“Why are you going there?” he simply asked.
Broaditch shook his head.
“I do not entirely know,” he half-explained. “But I think I have been called.”
“You think? But for what reason, Broaditch?” Valit was concerned. “How can you escape the fire? See how it advances …” He cocked his head, almost smiling. “You said there’d be more than riches! What?”
“I like you, lad, after all’s said and done. I know not what courage is, but I must tell you, go on without fear if you can, because your fate will prove the same in any case … And now I can ill spare time for talk.”
Perhaps, he thought, courage is more than riches.
He hugged the strange boy to him and impulsively kissed his forehead. Then turned and went at a rapid trot until the clouds swallowed him up. Love well, he thought, the image of his family still before him. Because they’d all lived, life had met in himself and them and he knew he could bear that lightly into the smoldering eye of death (where a sack of gold would anchor him to doom) and beyond … only that beyond …
Holding the smooth, time-worn spear, he went rapidly down into acrid clouds, the ground seeming to jump wildly as the lightning intensified. The winds sucked out his clothes and fluttered his beard. The echoing thunder rolled toward him. It would be night soon. A stray spatter of rain and light hail clattered around him …
Lohengrin felt weak and faintly nauseous. He’d propped himself against the curving, padded wall, bare face turned in to the muffling hangings that reeked of perfumes. The blood had caked and dried along his neck. His legs were doubled up, knees touching his chestplate.
The wheeled fortress was banging and pitching heavily now. Clinschor was gripping the silks, supporting himself by the open slit, rapping out orders to someone. It seemed as though he were speaking into a furnace. Incredible that people lived out there, Lohengrin dimly thought. He had difficulty paying attention to anything; he’d never felt so drained and hopeless and (though he would not have used the word) degraded. What had happened with the chanting left him feeling violated and apathetic, as though the other had somehow sucked energy from him in a ritual of tainted intimacy.
He shut his eyes but didn’t like the darkness of himself. He hardly noticed the sweetish, heavy incenses overpowering the bitter, biting tone of the smoke.
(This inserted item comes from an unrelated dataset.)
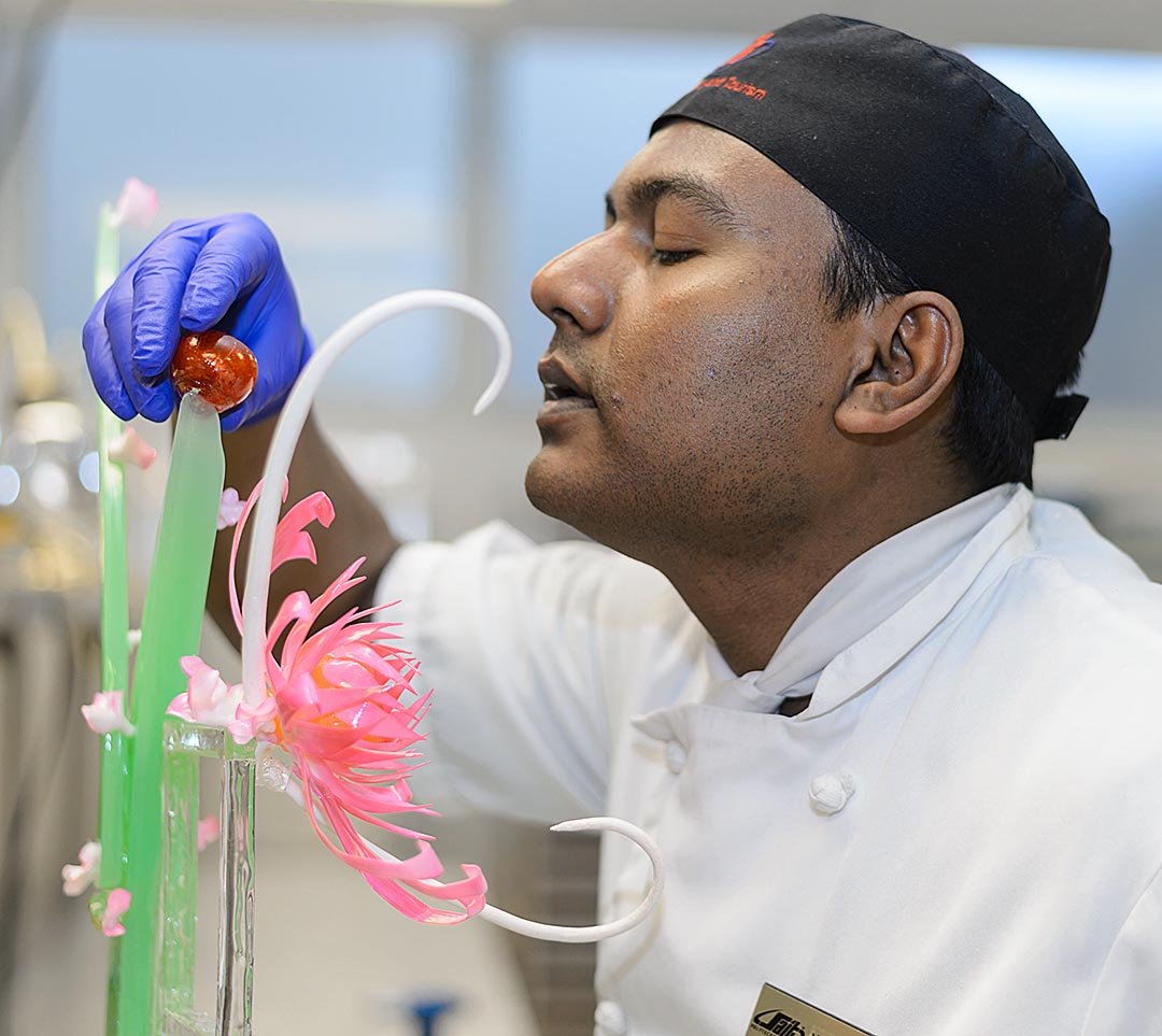<strong>The Cherry on Top: </strong>Waleed Sabur, a second-year baking and pastry arts student, cools off a cherry made of sugar during class in the basement of the John Ware Building in Calgary on Thursday, Feb. 16, 2017. Sabur, originally from Bangladesh, came to Canada to work but drove past SAIT one day and decided to pursue a career in his passion for baking. (Photo by Ashley Orzel/The Press)

He was thinking, with a certain petulance, that he’d be damned if he’d live to please this man … He contemplated some obscure revenge … He was lord Lohengrin and not to be treated in such a fashion … Great Master Clinschor didn’t expect to be defied. They all feared him. Well, they’d see something, then … Why, if he hadn’t been hit on the skull by that mad boy … and if his eye were better, none of this Oriental mumbo-jumbo would have affected him … He nodded slightly as his aimless mind drifted from thought to thought … He was no longer impressed, he assured himself … all fine speeches, but what did they come to …? Not much … great armies … and the Grail … Grail … destroying everything, wasting everything … he could weep … waste … waste … and for the sparkling nonsense his father and the other village idiots dreamed up …! Oh, a fine thing … a fine thing … great Lord Master wizard ball-less … As soon as his strength came back, he’d see … he’d see a few things, the Lord Master would … This was Lohengrin here, not those other girlish fools he surrounded himself with …
Suddenly the vehicle tilted wildly and his stomach spun and he spewed sickness without moving his head, staining the silks. He was coughing, choking, still without moving, shivering a little.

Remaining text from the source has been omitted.